What the exercise asks
Return only the lines below starting at the line containing "00:48:10.88 | Скачать |" and ending at the line containing "fond à cliquet.", both included, exactly as they are and with no pictures.

(Extracted records)
★ ★ ★ ★ ★ ★ ★

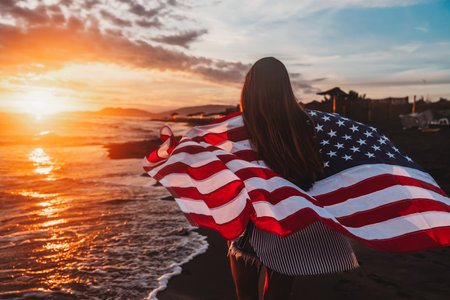 woman holding USA flag and looking at sunrice.
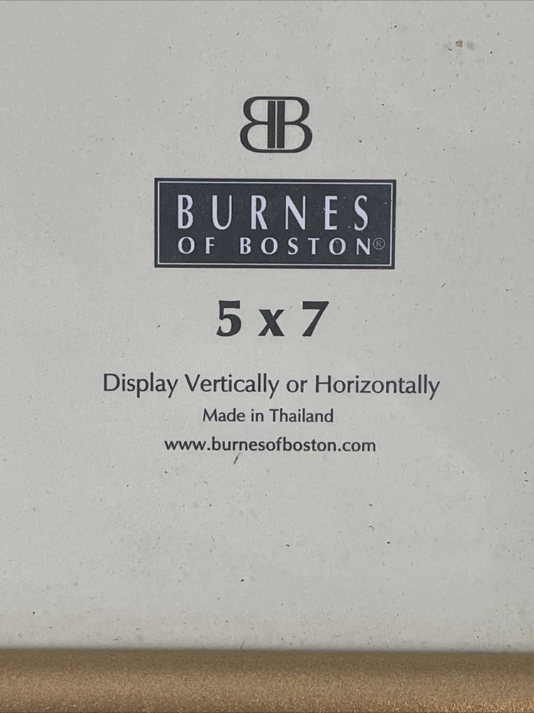 Vintage Burnes of Boston gold floral picture frame with a 5x7 inch photo capacity. This art deco style frame features a floral design, rectangular shape, and is freestanding. Made in Thailand, it has dimensions of 5 inches in length, 8 inches in height, and 7 inches in width.
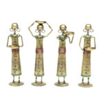 Rajasthani Tribal Majdoor Ladies Tagari Doll Hand-painted Tea Light Candle Holder in Metal Cum Showpiece Set of 4
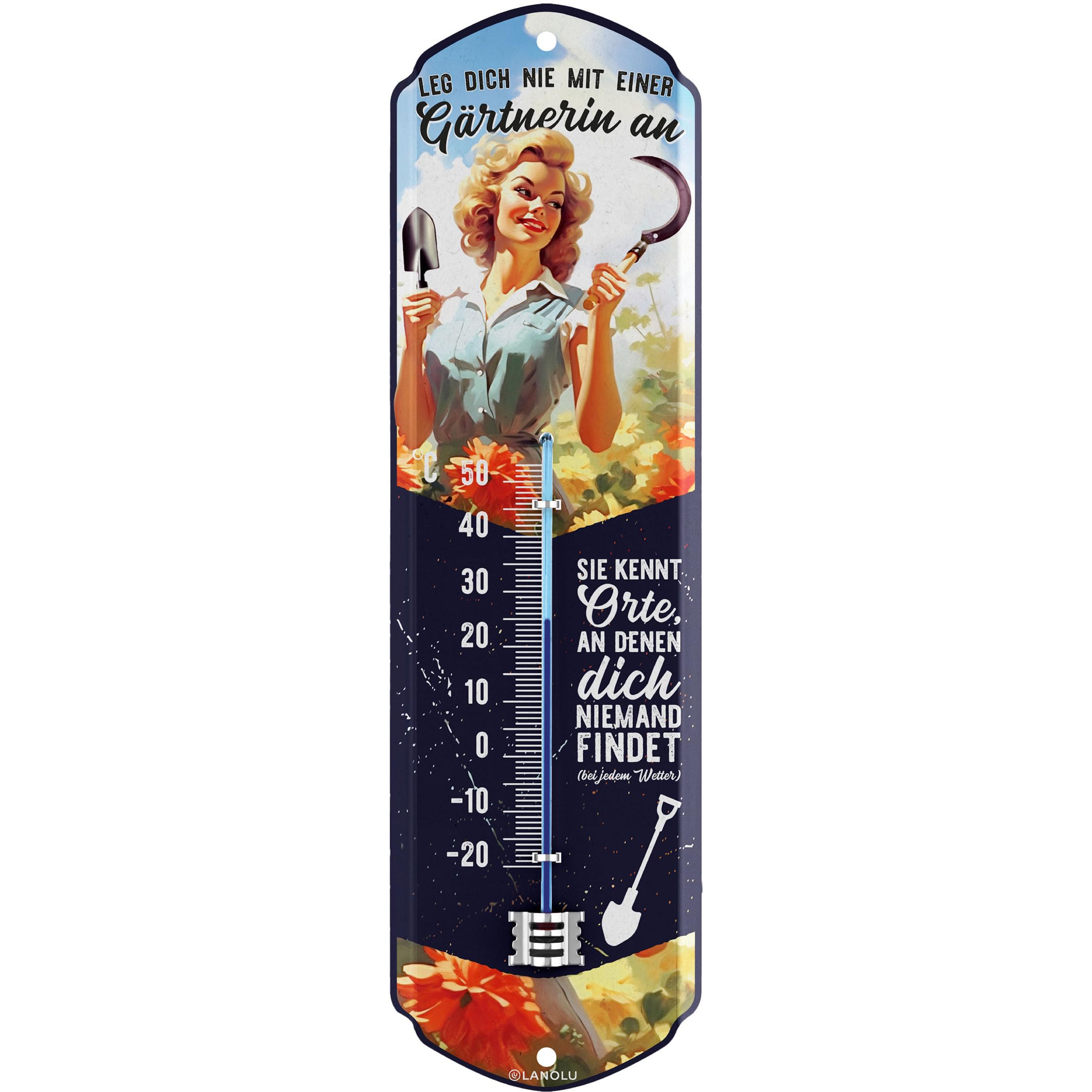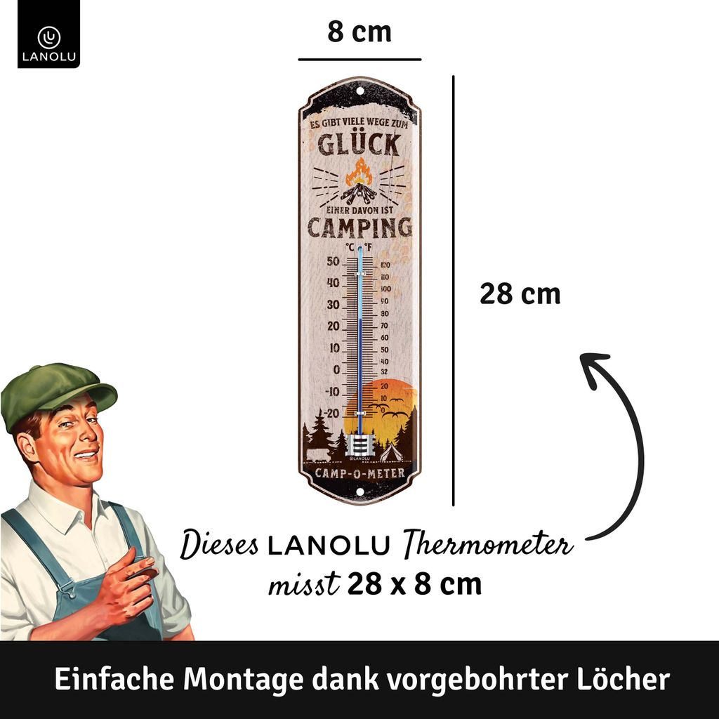Dieses LANOLU Thermometer ist einfach mega stylisch! Im Vintage-Design mit dem Spruch 'Wohlfühl-Oase' - passt perfekt in Garten, Balkon oder Terrasse. Mit 8x28cm Größe ist es genau richtig um Aufmerksamkeit zu erregen ohne aufdringlich zu sein. Aus stabilem Stahlblech gefertigt - absolut wetterfest und hält auch mal was aus. Die zwei vorgebohrten Löcher machen die Montage super einfach. Einfach an die Wand schrauben oder mit Draht aufhängen. Das scharfe Druckbild in strahlenden Farben bleibt auch nach Jahren noch schön. Perfekt als Geschenk - kommt immer gut an! Designed in Berlin - da weiß man was man hat. Ob im Garten, auf dem Balkon oder an der Hauswand - dieses Thermometer macht einfach immer was her!
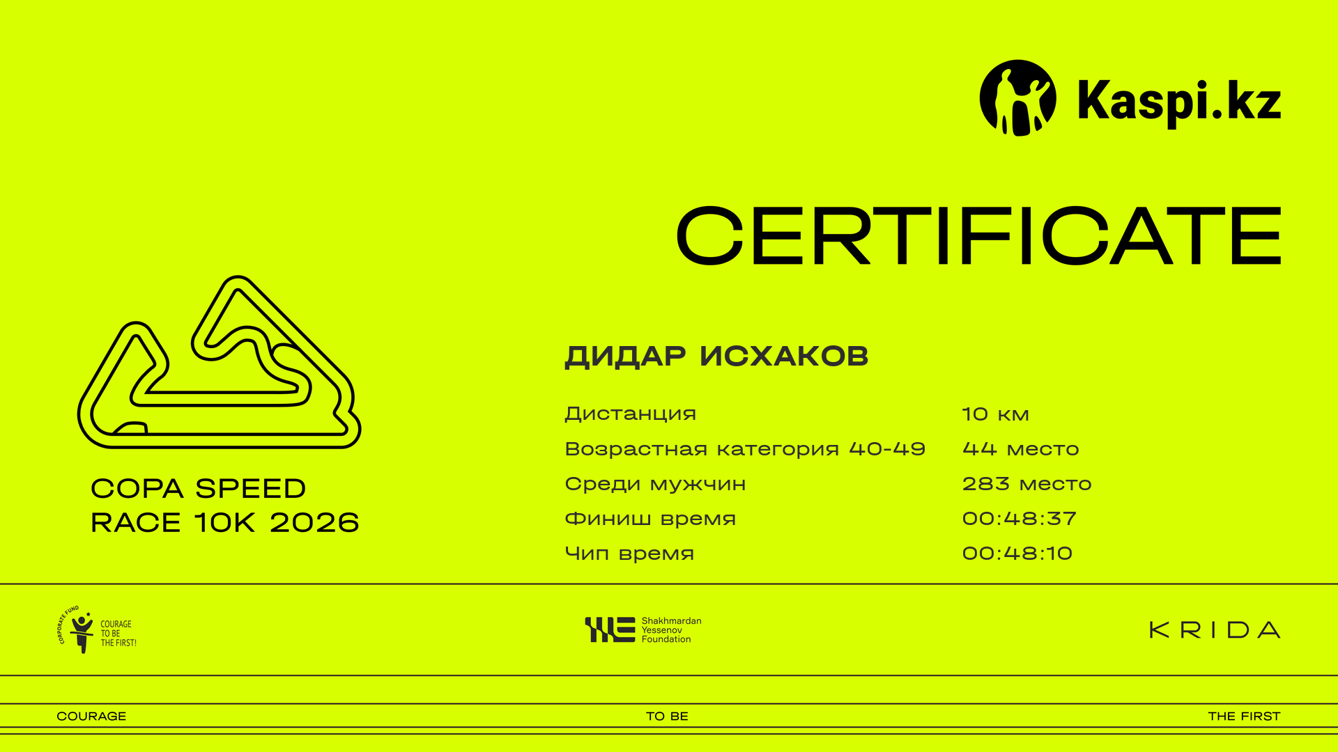 | 321 | Дидар Исхаков | ![]() | Алматы | 404 | 00:10:23.34 | 00:18:36.90 | 00:24:26.11 | 00:34:29.46 | 00:43:05.75 | 00:48:37.34 | 00:48:10.88 | Скачать |
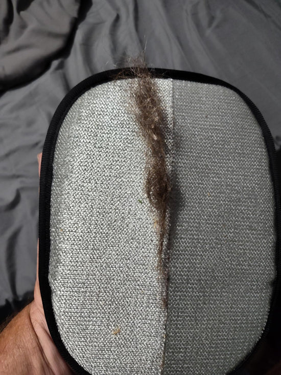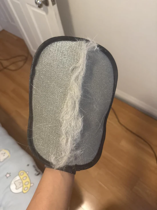 Just peel off the collected hair. If needed, rinse the glove with warm water and let it air dry.
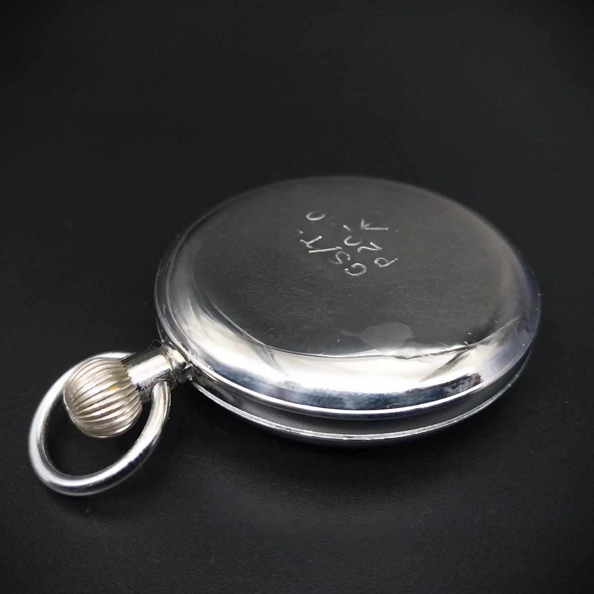 Montre gousset 19" fournie par Helvetia pour l’armée britannique avec des aiguilles lumineuses et cadran blanc, un boîtier en métal chromé avec fond à cliquet.
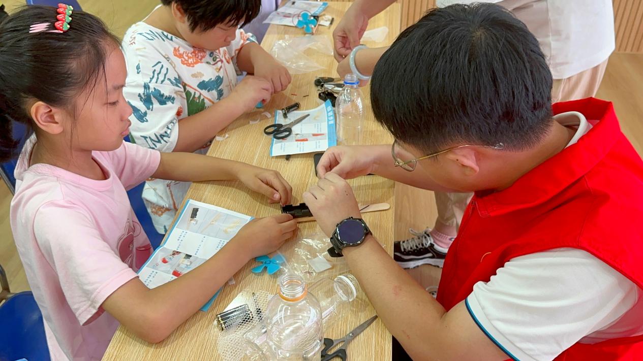 活动伊始,主持人陈琛向小朋友们介绍了环保吸尘器的制作原理及步骤。废弃的塑料瓶、电池和电线等物品,在孩子们的巧手中变成了实用的环保吸尘器。整个制作过程中,孩子们兴趣盎然、积极参与,不仅学会了如何变废为宝,更深刻体会到了环保的重要性。此次活动不仅锻炼了孩子们的动手能力和团队协作精神,还激发了对环保的热爱和关注。
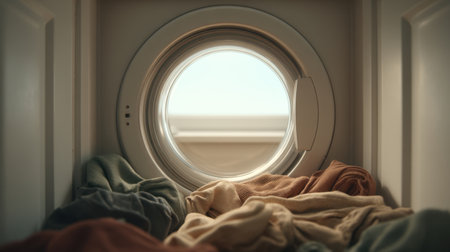A captivating interior view of a washing machine drum filled with colorful clothes. The soft light streaming through the circular door adds warmth to the scene.
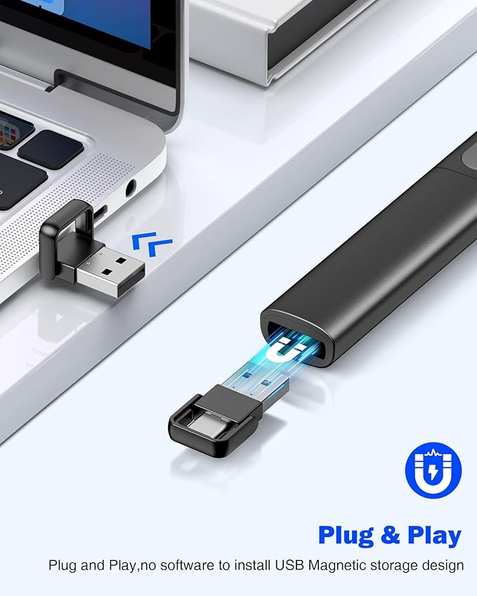 - 【USB Type C DUAL-HEAD RECEIVER DESIGN】:Plug and Play,Widely Compatibility.The UBS Type C dual-head receiver design of the wireless presenter remote can meet most of your usage needs. Don't worry even if you encounter a situation where you need to temporarily change the device, this receiver can be transferred to a device with a different interface. The tail of the presenter clicker also comes with a magnetic storage design, which can better store the receiver without worrying about losing it

★ ★ ★ ★ ★ ★ ★

Answer to the exercise
 | 321 | Дидар Исхаков | ![]() | Алматы | 404 | 00:10:23.34 | 00:18:36.90 | 00:24:26.11 | 00:34:29.46 | 00:43:05.75 | 00:48:37.34 | 00:48:10.88 | Скачать |
 Just peel off the collected hair. If needed, rinse the glove with warm water and let it air dry.
 Montre gousset 19" fournie par Helvetia pour l’armée britannique avec des aiguilles lumineuses et cadran blanc, un boîtier en métal chromé avec fond à cliquet.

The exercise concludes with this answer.